In Python, you can put (almost) any Unicode character in a string literal.
Also, you can use most Unicode letters in identifiers, eg. if you think it's appropriate to define a variable α (Greek lower-case alpha).
But you can't use "fancy quotes" for delimiting string literals.
Look carefully: the double quotes around the emoji (and also around utf-8) aren't straight ASCII quotes, but rather typographical ones – the ones word processors substitute when typing a double quote in text.
Make sure you use a proper programming editor or an IDE for coding.
Then the line will look like this:
return [b"Hello World " "👋".encode("utf-8")]
Edit:
I realise that this still doesn't work: you cannot mix byte string and Unicode string literals (even though here the Unicode literal gets converted to bytes later).
Instead, you have to concatenate them with the + operator:
return [b"Hello World " + "👋".encode("utf-8")]
Or use a single string literal, like tripleee suggested.
There are several problems. Your code:
return [b"Hello World " “👋”.encode(“utf-8”)]

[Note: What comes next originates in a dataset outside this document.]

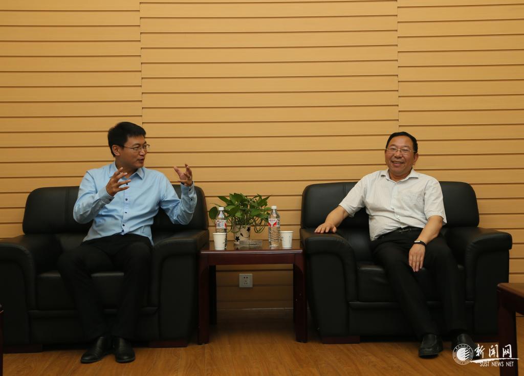 会前,姚书志与刘俊麟就校企合作等相关事宜进行座谈。

You see, you are using “ and ” twice, instead of the proper double quote character ("). You should use a proper code editor, or disable character conversion. You should care also on copy and paste.
As you see from the error, the problem is not the emoji on the string, but a problem of identifier (and it is a syntax error), so unknown characters outside string.
But if you correct to:
return [b"Hello World " "👋".encode("utf-8")]
you still have an error: SyntaxError: cannot mix bytes and nonbytes literals.
This because Python will merge strings before to call the function encode, but one is a b-string and the other it is a normal string.
So you could use one of the following:
return [b"Hello World " + "👋".encode("utf-8")] # this force order of operator
or the following two (that are equivalent).
return [b"Hello World " "👋"]
return [b"Hello World 👋"]
Python3 uses UTF-8 as default source encoding, so your editor will already encode the emoji into UTF-8, so you can use it in a b-string (UTF-8 encoded).
Note: this is not a very safe assumption: one could manually force source code to be in other encodings, but in that case, you will have probably also problem with the first method (saving a file with emoji in other encodings).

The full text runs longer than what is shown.